BCI: Cars, Statistics, and Neural Latents

The human brain is the most complex organization of matter in the known universe. With 80 billion neurons, each sporting ~1000 synapses, modeling the brain would require trillions of variables whose values change rapidly. Current technology allows scientists to measure, at best, the individual activity of thousands of neurons. This leaves a chasm between what can be measured and what must be estimated.1

The good news is that humans are wholly capable of understanding the words spoken by another human being, interpreting their body language, and engaging in complex interaction patterns without ever grasping the details of another person’s neurological data. So if this can be done, then clearly, latent patterns must exist, and something like body language represents an emergent property of latent patterns within those trillions of neurological variables.

But humans are good at this as a result of billions of years of complex evolutionary processes.

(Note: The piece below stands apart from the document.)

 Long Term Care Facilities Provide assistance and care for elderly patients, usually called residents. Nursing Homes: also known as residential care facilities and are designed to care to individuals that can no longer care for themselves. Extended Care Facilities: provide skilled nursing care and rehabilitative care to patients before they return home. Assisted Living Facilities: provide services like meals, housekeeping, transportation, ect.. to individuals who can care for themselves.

No neural network, regardless of its sophistication and the number of GPUs deployed for training, has come close… yet. The bleeding edge of machine learning software development for brain computer interface (BCI) technology attempts what other scientific disciplines have attempted for centuries–measure parts of a complex whole, then interpret the patterns that describe the state of the system.

What does this look like in practical terms? What are we actually doing day-to-day to solve these unfathomably complex mathematical challenges? Let’s discuss. We’ll introduce a few quantitative ideas, but ideally, avoid the eyes-glazing-over experience of one’s college statistics class. If nothing else, the topic is a bit more compelling, since we’re ultimately discussing the nature of interaction, understanding, consciousness, and the totality of the human experience.2

Since picturing the electrical activity of neurons or metabolic activity in the brain’s vasculature is beyond the capacities of the human imagination (or at least mine!), let’s consider a complex system with which we engage daily. I reside in Chicago, land of deep dish pizza, Italian beef, and a massive grid of what is currently slush-filled traffic.

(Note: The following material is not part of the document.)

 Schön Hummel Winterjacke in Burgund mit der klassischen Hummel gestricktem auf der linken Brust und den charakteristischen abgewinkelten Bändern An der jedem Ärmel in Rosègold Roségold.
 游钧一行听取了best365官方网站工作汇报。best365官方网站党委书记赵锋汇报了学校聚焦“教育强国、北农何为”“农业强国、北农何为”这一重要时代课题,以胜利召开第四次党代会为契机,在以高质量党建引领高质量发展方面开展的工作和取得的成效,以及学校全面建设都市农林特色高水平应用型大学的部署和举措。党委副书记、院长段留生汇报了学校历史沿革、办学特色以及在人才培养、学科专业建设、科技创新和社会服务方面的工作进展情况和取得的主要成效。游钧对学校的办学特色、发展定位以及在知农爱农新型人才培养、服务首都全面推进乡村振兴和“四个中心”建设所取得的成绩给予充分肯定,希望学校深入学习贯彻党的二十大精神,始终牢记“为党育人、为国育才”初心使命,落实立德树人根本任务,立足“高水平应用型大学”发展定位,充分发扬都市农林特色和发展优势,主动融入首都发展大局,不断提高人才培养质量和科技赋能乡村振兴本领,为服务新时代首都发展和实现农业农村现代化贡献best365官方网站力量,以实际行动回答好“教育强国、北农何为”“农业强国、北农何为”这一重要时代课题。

We cannot measure the traffic at every intersection in this metropolitan area. Do we need to? Human agency (the ‘A’ in AE) increases when impossibly complex problems are dissected and the pieces turn out to be simpler than imagined.

When I look out my window as I type these words, I observe the frequency at which cars pass. Another way to discuss the same mathematical idea is by measuring the intervals between the arrivals of each car. A simple mathematical structure for describing these intervals is what is called the exponential distribution. It looks like this:

That equation has some ground rules. Firstly, the duration of the interval between cars must be greater than 0 (makes sense, the time between cars arriving cannot be negative). Secondly, there’s only one parameter we need to consider, lambda. A larger lambda means cars arrive more frequently, a smaller lambda means arrivals are more infrequent. Simple.

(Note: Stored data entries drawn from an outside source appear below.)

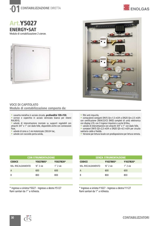 • contacalorie compatti DN15 Qn=1,5 m3/h o DN20 Qn=2,5 m3/h
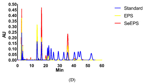 Monosaccharide composition analysis by HPLC. (A) peak spectrum for standards, (B) peak spectrum for EPS, (C) peak spectrum for SeEPS and (D) comparison among EPS, SeEPS and standards.
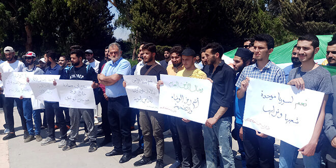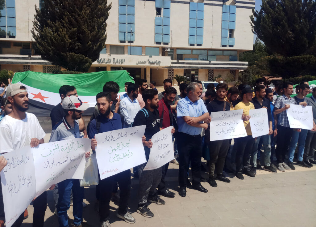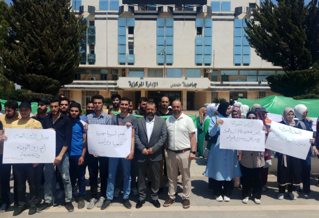 نظم طلبة جامعة حمص اليوم وقفة احتجاجية، تنديداً بالاعتداءات الإسرائيلية المتكررة على سوريا، ودعماً للجيش العربي السوري وقوى الأمن الداخلي.
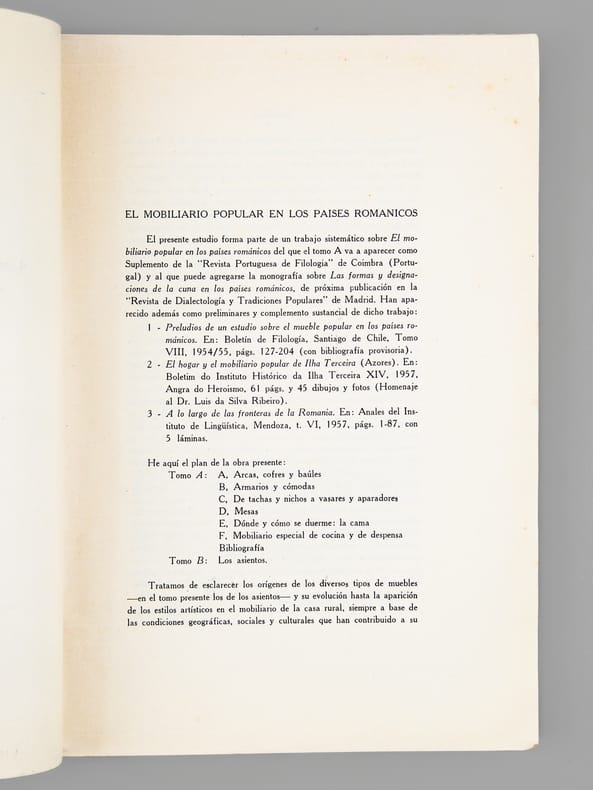 Tiré-à- part peu commun, contenant la partie "B" de son ouvrage "El Mobiliario popular". Cette partie B est relative aux sièges sous toutes leurs formes ("asientos"). Bon état (couv. un peu frottée)
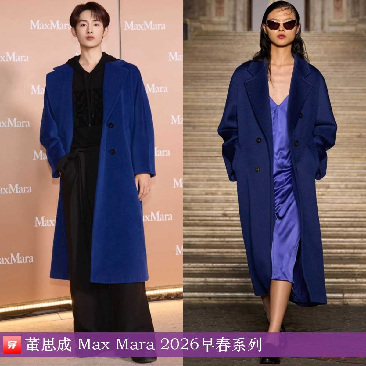 董思成,品牌活动。深蓝色双排扣大衣:Max Mara 2026早春系列。
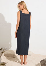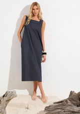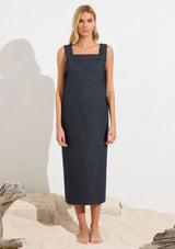 Mela Purdie's Soft Denim fabric, characterised by its super 4-way Stretch & memory. The Cube Dress offers a timeless yet comfortable shift silhouette for all occasions.

That simple equation above also has one esoteric, but crucial property. It is said to be memoryless. In other words, the amount of time until the next car arrives does not depend on how long it has been since the last car arrives.3 Whenever I look at my window, the time until the next car shows up is given by the equation above. I don’t need to ask my wife “hey, when did the last car pass the house?”4

Doesn’t seem like much, but it allows us to sum up these intervals. In turn, we can ask, instead of “how long until the next car passes by?” we ask “how many cars will pass by in the next ten minutes?” The sum of samples from an exponential distribution is defined by another mathematical idea, the Poisson Process. It looks like this:

In English, it reads “the probability that n cars pass by in the next t period is some function of that single parameter, lambda.

This is where the magic happens–any location in Chicago (or anywhere else) has some value of that describes it. Busier spots have higher values, quieter service roads have lower values, etc. We could never hope to measure and model all of them. But we don’t need to. You can imagine that, knowing the value of at a few hundred key locations in the greater Chicago area could provide tremendous insight into the traffic at almost any location we could ask for. Suddenly, the rates of cars passing anywhere is, if not precisely known, then at least estimable. And from there, the system can be understood as properties emerge. Perhaps we learn the state in which certain areas are congested and others are flowing freely is consistent with a concert at Wrigley Field or an exodus of disgruntled, frozen Bears fans from Soldier Field after Aaron Rodgers rips out their hearts once again. Perhaps one pattern emerges on Sunday afternoons in the summer when a lakeside highway is closed for bikers. Another emerges at rush hour on a Friday evening. Simple mathematical structures build understanding of a system far beyond the complexity of the equations above.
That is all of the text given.